Ireland and Europe risk destroying economic recovery by “our enthusiasm to undo the mistakes of the bubble economy”, claims former taoiseach John Bruton.

He said the country is making the “exact same mistakes again, except in reverse” because banks, which had operated under light regulation in the Celtic Tiger years, have become far too conservative.

In a speech at the weekend to a gathering of Irish people with special connections to the US, he criticised the “virtuous politicians” who “reflect rather than lead the public mood, saying we need to slam down the doors on excessive credit”.

If it was not for lending, the US would never have been discovered because Columbus would never have set sail, said Mr Bruton.

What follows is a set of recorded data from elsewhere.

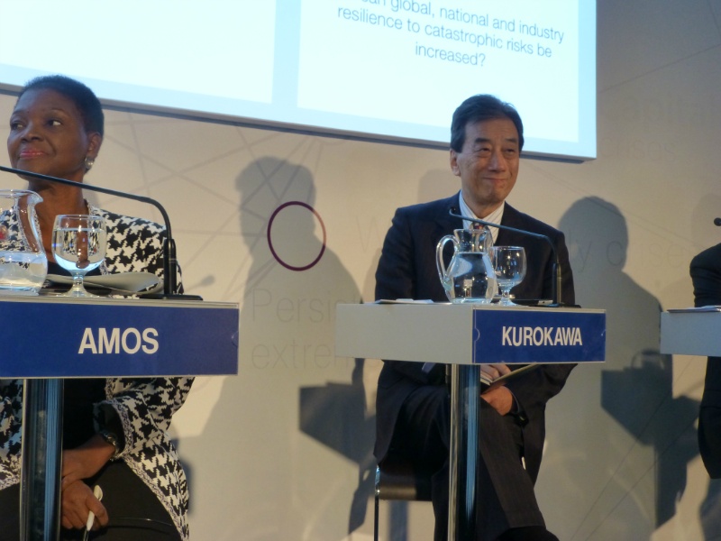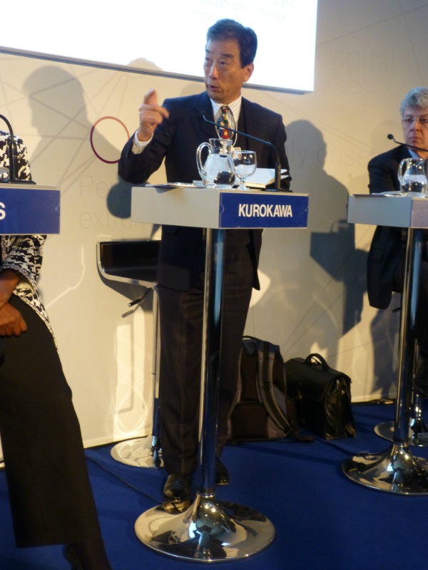 After that, I went to “Catastrophic Risks in the 21st Century”, of which I was a panelist. One of the panelists was Judith Rodin, who is the first woman to be the president of Ivy League university. I had wished to meet her for some time, and since Judith and I found several key mutual friends from when I was at the University of Pennsylvania, our conversation flowed even before the panel discussion started. I handed all of the panelists the English Executive Summary of the NAIIC report. I was not able to attend thewell-acclaimed speech by Prime Minister David Cameron then in the main auditorium, but I’m sure I will eventually see it online.
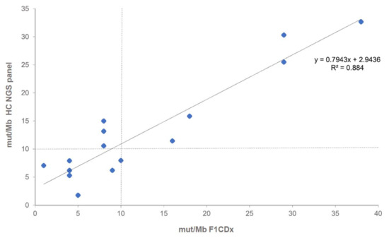 A high correlation (R2 = 0.884, 95% CI [0.799, 0.968]) between both assays was observed and the TMB category (high vs. low) showed 80% (12/15) concordance with the F1CDx category with a cut-off of 10 mut/Mb (Figure 1).
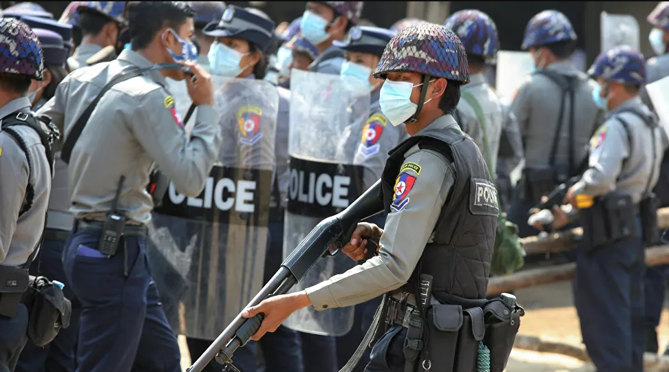 Cảnh sát Myanmar được điều động để trấn áp người biểu tình. (Ảnh: Reuters)
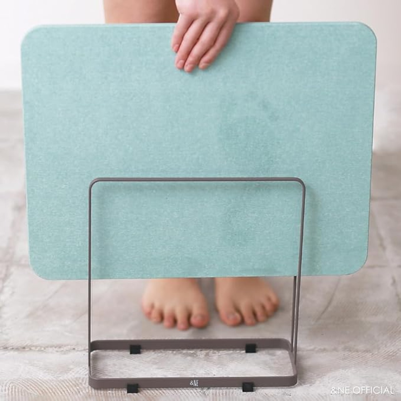 敷きっぱなし、不安定な立てかけを防ぐ、珪藻土バスマット専用の収納スタンドです。床、壁に触れずに乾燥でき、衛生的です。スリムなので家具の隙間にもスッキリ収納。
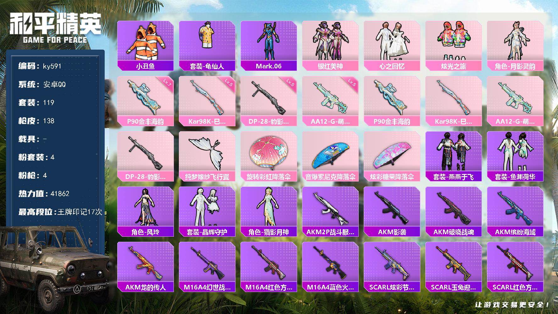 安卓 手Q-4粉装-4特效枪-0载具-1粉色飞行器-41862热力值-17王牌

Restricting credit, in turn, restricts employment and economic recovery “and that’s what we are doing, all in the name of virtue. Virtue that is 10 years too late,” said Mr Bruton. “And I think that credit squeeze should be reversed.”

Mr Bruton said that the boom occurred because of light-touch regulation, when everyone trusted the markets, and regulators added to the bubble in a pro-cyclical way.

“Now we are repeating the exact same mistake except in reverse,” he said. “We are piling on the regulation; increasing capital ratios; slowing down the decision-making process; ensuring that banks are extremely conservative; that banks contract credit; that banks lend less and save more, which is precisely what we don’t need when we are trying to fuel a recovery,

“In other words, we are making a big show of slamming the stable door when the horse is in the next field, when what we should be doing is buying two more horses, on credit, to try and get our economy growing.”

Mr Bruton was speaking at the annual congress of the Ireland United States Alumni Association.